This is a ideal modular products to help you realize the whole Lora system development. With
the USB-SPI converter module FT2232, you can quickly to make the software development in your
PC. But also, you can integrate the concentrator module to your production product to realize the
Lora gateway function. This is very economic way to address for a huge variety of applications like
Smart Grid, Intelligent Farm, intelligent Farm and Other IoT applications.
The RAK831 needs a host system like Raspberry Pi or WisAP (OpenWRT based) or WisCam
for proper operation . The host processor can be a PC or MCU that will be connected to RAK831 via
USB or SPI
RAK831 is using as a gateway, communication based on lorawan protocol requires. 64
channels utilizing LoRa 125 kHz BW, starting at 902.3 MHz and incrementing linearly by 200 kHz to
914.9 MHz, and 8 channels utilizing LoRa 500 kHz BW, starting at 903.0 MHz and incrementing
linearly by 1.6 MHz to 914.2 MHz were used for receiving. 8 channels utilizing LoRa 500 kHz BW,
starting at 923.3 MHz and incrementing linearly by 600 kHz to 927.5 MHz were used for transmitting.

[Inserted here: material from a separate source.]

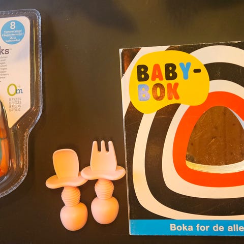 Bestikk med enklere vinkel for baby for å lære å spise selv. Selges samlet.
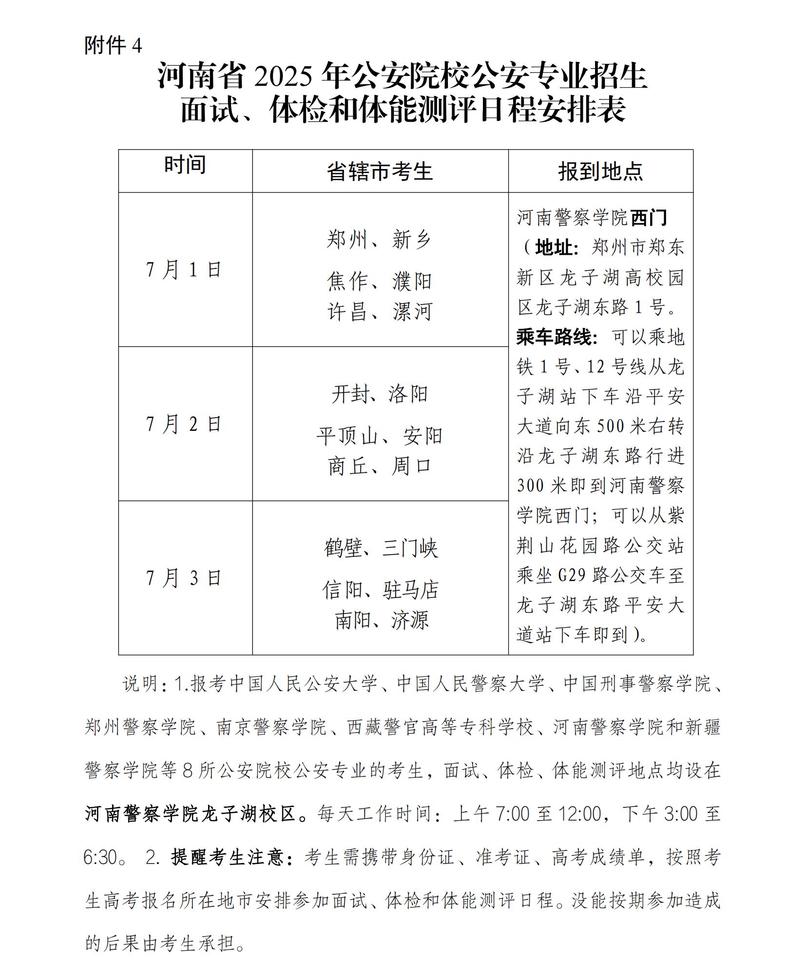 7月1日至3日,会统一安排面试,还会统一安排体检,并且会统一安排体能测评。地点是在河南警察学院。上午7时至12时是每日的工作时间之一,下午3时至6时30分也是每日的工作时间。考生需要严格按照高考报名所在地市的日程安排去参加。

RAK831 is able to receive up to 8 LoRa packets simultaneously sent with different spreading
factors on different channels. This unique capability allows to implement innovative network
architectures advantageous over other short range systems:
End-point nodes (e.g. sensor nodes) can change frequency with each transmission in a random
pattern. This provides vast improvement of the system robustness in terms of interferer immunity
and radio channel diversity.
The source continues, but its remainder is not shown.